Objective

The objective is to reinforce the classes knowledge of strings and how they are printed in Go. This is achieved by correcting a program that will not run. This is used to introduce the concept of a syntax errors. Syntax errors are a prelude to debugging.

The example program will again require the class to use the text editor (either Atom or LiteIDE) to create and save the source code file and the terminal/command line to run their program.

String Reinforcement

This lesson reinforces and extends the concepts introduced in the previous Words lesson using a “Fix and Adapt” approach.

The pupils are introduced to a program that does not work and are challenged to find the mistakes and correct them. This both reinforces the patterns learned in the previous lesson and encourages their logical thinking.

This is used to introduce the concept of a syntax error which is a prelude to introducing debugging.

The logical thinking is further reinforced by challenging the pupils to update the program given only the output.

Learning outcome

The class should be able to:

  • Develop their knowledge of the pattern used to print a string in Go
  • Be able identify statements that do not follow the correct pattern
  • Identify these lines as having syntax errors
  • Be able to correct these lines so that the program runs
  • Determine how to change a program given only the output. This starts to develop logical thinking and algorithms.
  • Start their text editor
  • Create a source code file
  • Write a simple program to print strings
  • Save a source code file
  • Build and run their program
  • Understand that the program represents a sequence
  • Understand that the sequence executes in order

Teaching prerequisites

The class must have covered the Words first.

The example program is sufficiently simple that the little or no additional teaching should be required beforehand. However the class needs to have covered.

  • Basic keyboard/typing and mouse skills.
  • The English alphabet

Sequences. The program demonstrates a sequence of instructions that are executed in order to print the results to the terminal window.

Logical thinking. The final challenge requires the pupils to think logically and to work backwards for the desired output to make the required changes to the program.

The is a direct link to English language, both in terms of the letters and pronunciation. There is also a indirect list to Foreign languages, though the use of different non-latin writing systems. This can be further linked to Geography.

What is a String

Notes for slide 4

This is a summary of the key points of the Words lesson.

Each letter, number or symbol on the keyboard is called a character. A string is a sequence of these letters, numbers or symbols. Anything that the pupils can type on a keyboard is considered a string.

Each character in every human language has a unique number. The number is defined by the Unicode character encoding. The computer can only process numbers so it works with these unique numbers, and not with the letters or symbols themselves.

Because the concept of a character between languages can vary - for example Chinese uses logograms - Go uses the term rune.

A string in Go is therefore a sequence of runes.

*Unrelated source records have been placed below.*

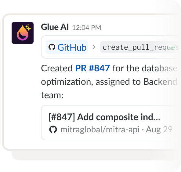 Glue helps you break free of the noise and get more done with outcome-oriented threads, a customizable AI agent, and MCP-enabled tool calls.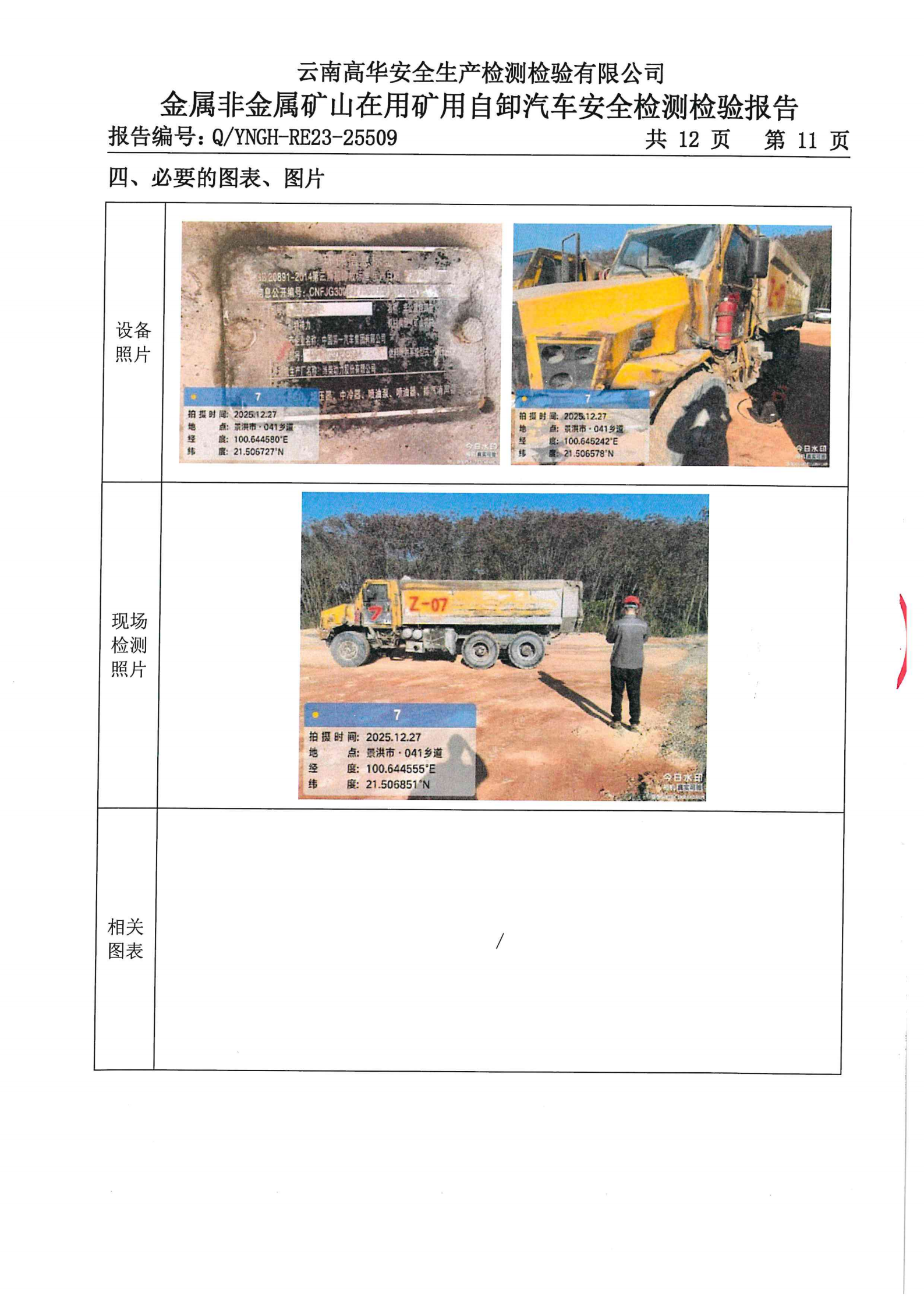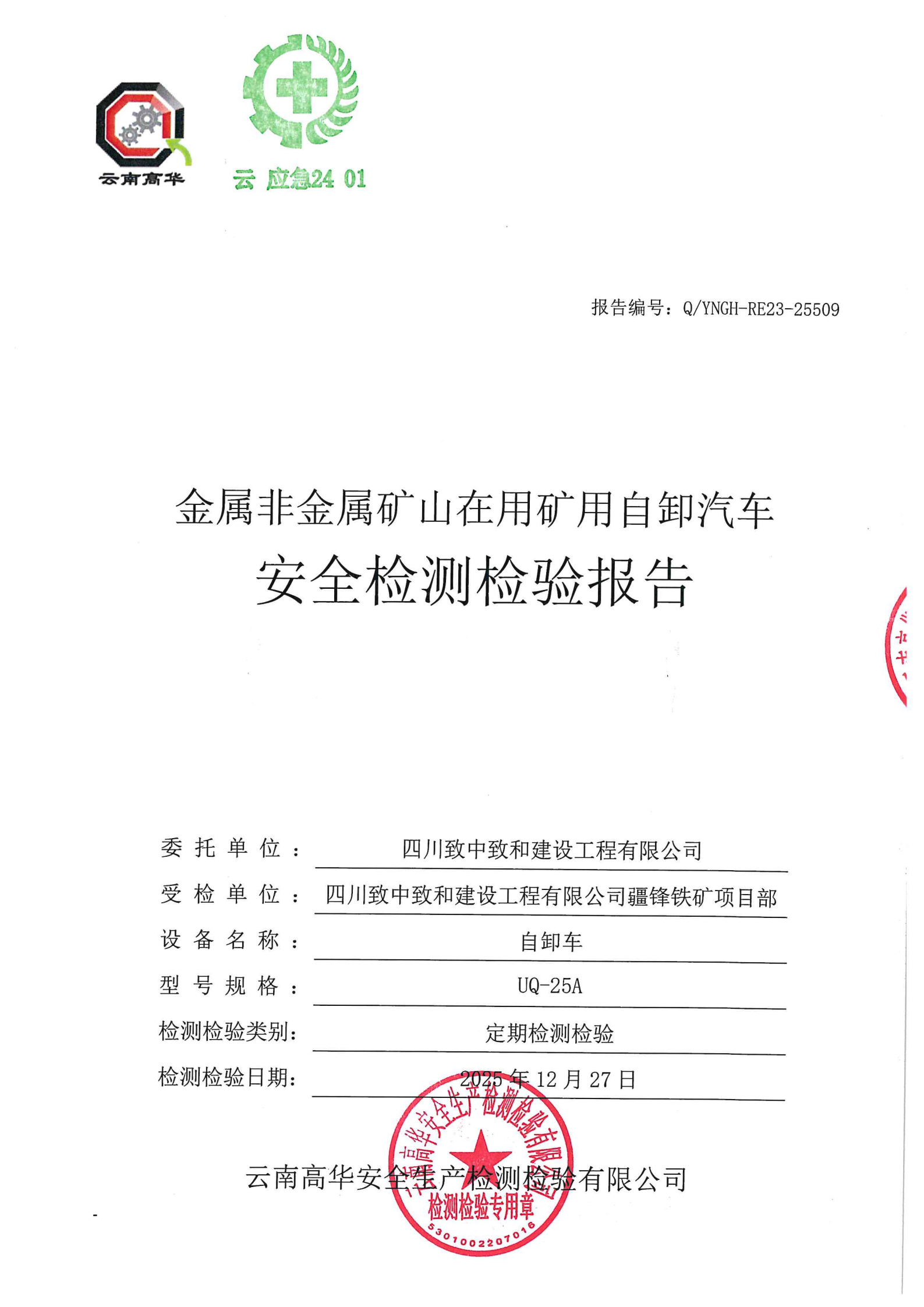 金属非金属矿山在用矿用自卸汽车安全检测检验报告
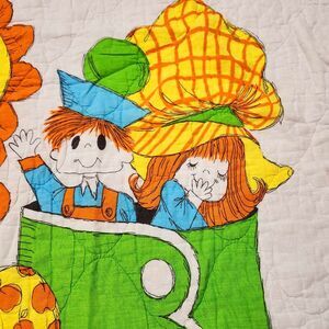 Vintage Old Woman Who Lived in a Shoe Quilt Baby Nursery Rhyme Blanket Decor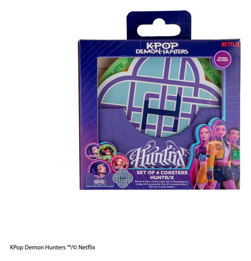 High quality Set of 4 Coasters from Cinereplica, licensed by KPop Demon Hunters. This product features HUNTR/X.
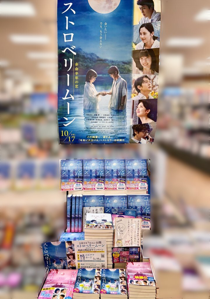 📽️映画公開中📽️ 姫路大津店ではシリーズ累計売上400冊超え!#芥川なお 先生の『ストロベリームーン』大ポスターとともにズバッと展開中です🍓 シナリオブック、コミック、続編の『コールドムーン』もぜひ🌝 #ストムン #すばる舎 pic.x.com/8IF1Sxys4U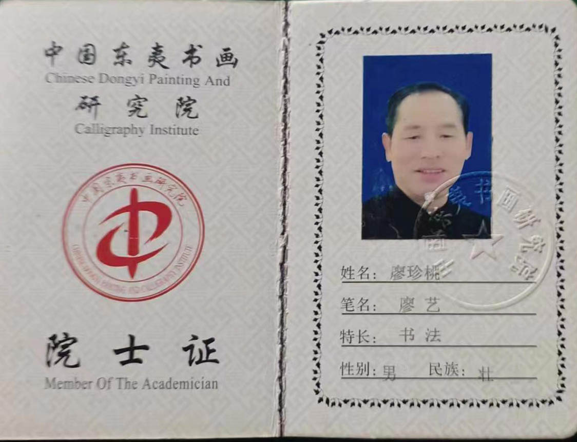廖艺自幼酷爱书法、绘画,几十年来,一直将书画艺术作为精神生活中的一大乐趣和业余爱好。多年来,坚持不懈地临习历代大家名帖,在注重吸收古代大师营养的同时,经常参观和参加书法大展赛并均获好成绩。2015年,纪念反法西斯战争胜利7O周年书画大赛,获得银奖, 2017年5月,作品在全国第八届“羲之杯”全国诗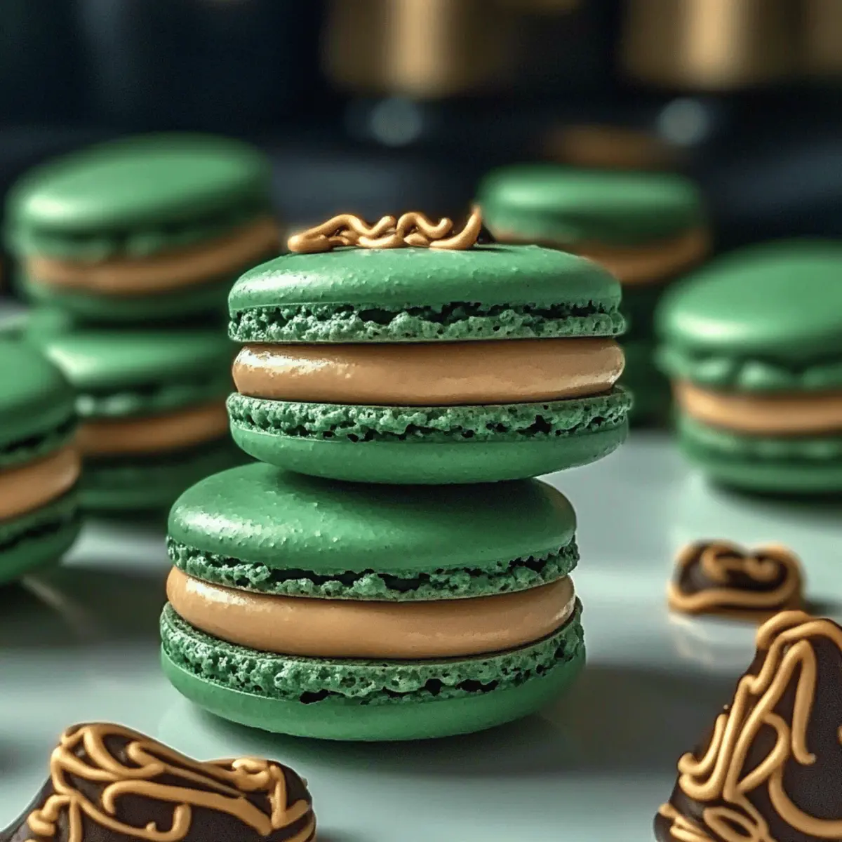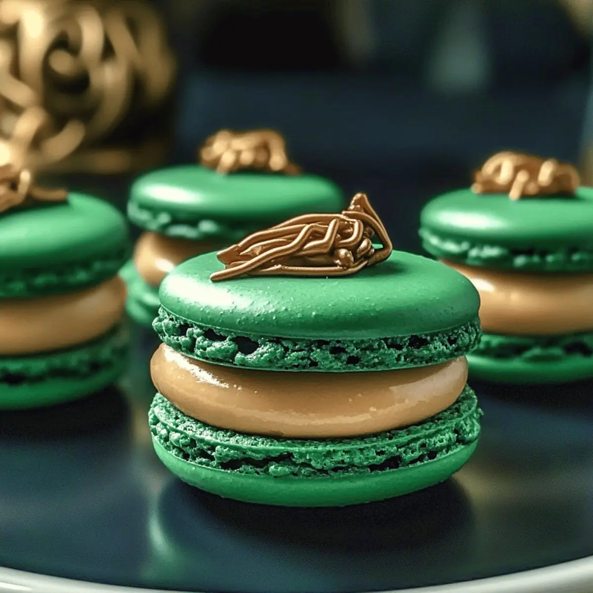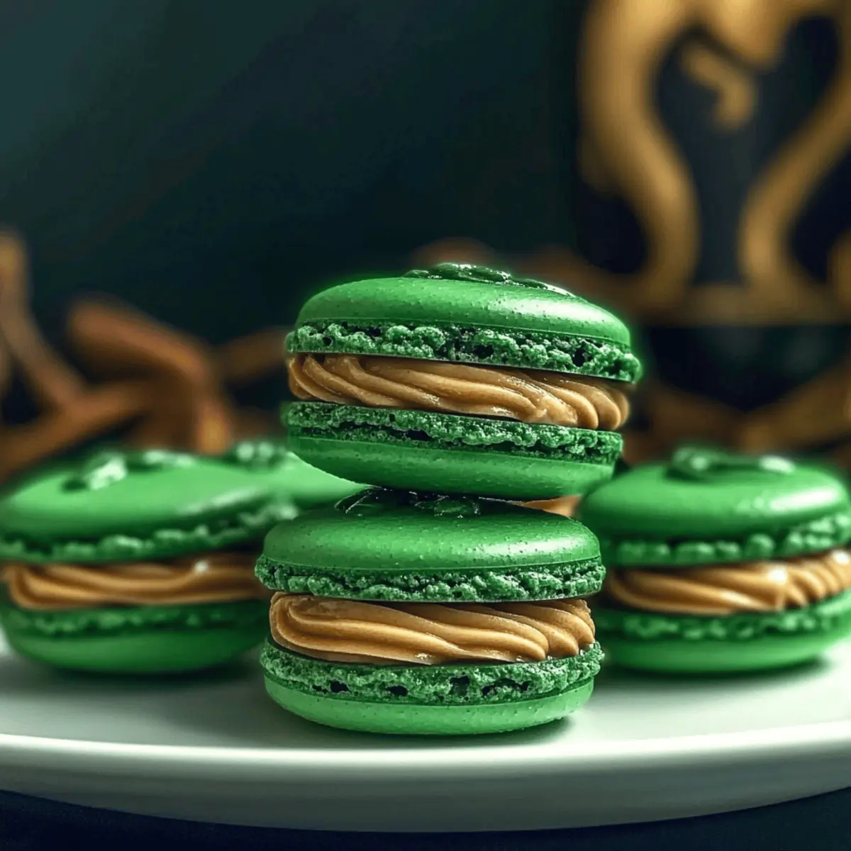 Jump to Recipe Print RecipeAs I savored the last bite of a delicate macaron at a quaint café, I couldn’t shake the magical flavors that danced on my palate. That heartwarming experience inspired me to create Slytherin’s Mystic Butterbeer Macarons, a treat that brings whimsical joy to any gathering. These enchanting bites feature light almond shells filled with a wonderfully rich butterscotch flavor that pays homage to the beloved Harry Potter universe. What’s more? They’re impressively quick to make for a sophisticated dessert and offer a delightful twist for your next themed party or cozy hangout. Curious about how to make these spellbinding treats that could charm any crowd? Let’s dive into this magical baking adventure! Why are these macarons so magical? Enchanting Presentation: With their gentle green hues and delicate structure, these macarons are not just desserts; they’re conversation starters at any gathering. Delightfully Decadent: The rich butterscotch filling paired with crisp almond shells creates a flavor experience that is truly unforgettable. Quick and Easy: Unlike many traditional French pastries, these macarons offer a simpler baking process that any home chef can master, perfect for impressing guests without hours in the kitchen. Themed Versatility: You can effortlessly tweak colors and flavors; think Gryffindor red or a creamy vanilla twist for birthdays or special occasions. Nostalgic Fun: Drawing inspiration from the beloved Harry Potter series, these macarons bring a touch of nostalgia and whimsy to your plate, making them a hit for fans and foodies alike. Slytherin’s Mystic Butterbeer Macarons Ingredients For the Macaron Shells • Almond Flour – Provides structure and a light texture; keep it fine for the best results. • Powdered Sugar – Adds sweetness and contributes to the macaron’s signature smoothness. • Egg Whites – Must be fresh for creating a stable meringue; age them a day for better results. • Granulated Sugar – Sweetens and stabilizes the meringue blend. • Cream of Tartar – Ensures egg whites retain their foam during the whipping process. • Food Coloring (green or chosen shade) – Adjust to enhance visual appeal, perfect for your themed event. For the Butterscotch Filling • Unsalted Butter – Richness is key, so use high-quality butter for the best flavor. • Brown Sugar – Adds a depth of flavor reminiscent of traditional butterscotch. • Heavy Cream – Lends a creamy, smooth quality to your filling, balancing the sweetness. • Butterscotch Extract (or caramel extract) – Essential for that delightful butterbeer essence. • Vanilla Extract – Enhances and complements the butterscotch flavor. • Salt – Just a pinch balances the sweetness and elevates the filling’s flavor profile. Bring some magic into your kitchen with Slytherin’s Mystic Butterbeer Macarons—delicate creations that conjure delightful memories with every bite! Step‑by‑Step Instructions for Slytherin’s Mystic Butterbeer Macarons Step 1: Prepare Dry Ingredients Begin by sifting together 1 cup of almond flour and 1 cup of powdered sugar into a large bowl to eliminate lumps. This crucial step ensures that your Slytherin’s Mystic Butterbeer Macarons will have a smooth and delicate consistency. Set this mixture aside as you prep for the meringue. Step 2: Make Meringue In a clean mixing bowl, beat 3 large egg whites with a pinch of cream of tartar until frothy. Gradually add in 1 cup of granulated sugar while whisking continuously until stiff peaks form, which should take about 5-7 minutes. The meringue should be glossy and hold firm peaks, perfect for creating the scrumptious macaron shells. Step 3: Add Color Gently fold in several drops of green food coloring until your meringue reaches a delightful shade reminiscent of Slytherin while ensuring the color is evenly distributed. Be careful not to deflate the meringue; you want to maintain its airy texture that will make your Mystic Butterbeer Macarons light and crispy. Step 4: Combine Mixtures Gradually fold the dry almond flour and powdered sugar mixture into the meringue in three additions. Use a spatula in a downward motion until the batter becomes smooth and flows like lava, approximately 25-30 strokes. This step is vital for achieving the perfect macaron batter consistency before piping. Step 5: Pipe Macarons Prepare a piping bag fitted with a round tip and fill it with the macaron batter. Pipe even circles about 1.5 inches apart on parchment-lined baking trays, allowing space for the shells to expand. Aim for a smooth surface; this precision will keep your Slytherin’s Mystic Butterbeer Macarons looking pristine. Step 6: Rest Allow the piped macaron shells to rest at room temperature for 30-40 minutes, or until a light skin forms on the surface. During this time, the shells will develop a crust, which is essential to achieving that coveted “foot” during baking. You’ll know they’re ready when you can touch them gently without any batter sticking to your finger. Step 7: Bake Preheat your oven to 150°C (300°F). Bake the macarons for 15-18 minutes, monitoring carefully. Once done, the macarons should have developed their signature “feet” and feel firm to the touch. Avoid opening the oven door while baking to maintain the heat; this ensures an even bake for your enchanting treats. Step 8: Cool Once baked, remove the trays from the oven and let the macarons cool completely on the trays. This cooling step allows the delicate shells to firm up, making them easy to remove without breaking. Patience is key; ensuring they are completely cool will make assembling your Slytherin’s Mystic Butterbeer Macarons seamless. Step 9: Make Filling In a saucepan, melt ½ cup of unsalted butter over low heat. Stir in ¾ cup of brown sugar, allowing it to dissolve, then gradually mix in ½ cup of heavy cream until smooth. Remove from heat and whisk in 1 tsp of butterscotch extract, 1

The letters A, z and the symbols %, * and # can all be represented by numbers. Using The Unicode Table you can find out the numbers used for these letters and symbols. They are:

A is 65

z is 122

% is 37

* is 42

# is 35

Without any more context the numbers 65 and 81 can have two meanings. They could be the numbers used to represent the capital letter A and the capital letter Q. Or they could just be the numbers 65 ad 81.

You should emphasise the use of the number to represent a letter though an encoding.

The string pattern

Notes for slide 5

A string in Go must be typed inside inverted commas, one at each end of the string. Like this

"Strings, I see you now"

The string must also be typed on one line. This string would be illegal.

"My horse, my horse a
country for my horse"

This is a pattern. All strings in Go must follow this pattern. If the string does not it is a syntax error.

To turn the line

I have been chosen! Farewell, my friends. I go on to a better place.

into a string, you simply need to enclose it in inverted commas. Like this

"I have been chosen! Farewell, my friends. I go on to a better place."

There are two mistakes in the example string

I don't believe that man's
ever been to medical school!"

The string is incorrectly written on two lines. Remember a string must be typed on one line. Secondly, the string is a missing inverted commas at the start of the string. It would be correctly written like this

"I don't believe that man's ever been to medical school!"

The Pattern to Print a String in Go

Notes for slide 6

Printing a string on the computer’s terminal window as output requires the use of one of two functions. The two functions are called Print and Println. The functions are part of the fmt package, sort for format. Printing to the screen is a form of output.

The functions are used like this

fmt.Println("First string")
fmt.Print("and second string.")

These lines are called statements.

The pattern to print to the screen is this: the statement always starts with fmt.Print or fmt.Println. The case is significant, so the spelling must be exactly as shown. There must be a period between the fmt and the Println or Print. The string to be printed appears between the brackets, the ( and ).

The fmt.Println and fmt.Print functions are not the same. The fmt.Print prints the string that you put in between the brackets. The next fmt.Print or fmt.Println function will continue to print on the same line.

The fmt.Println function also prints the string that you put in between the brackets but also takes a new line at the end. The next string that you print with fmt.Println or fmt.Print will be on the next line.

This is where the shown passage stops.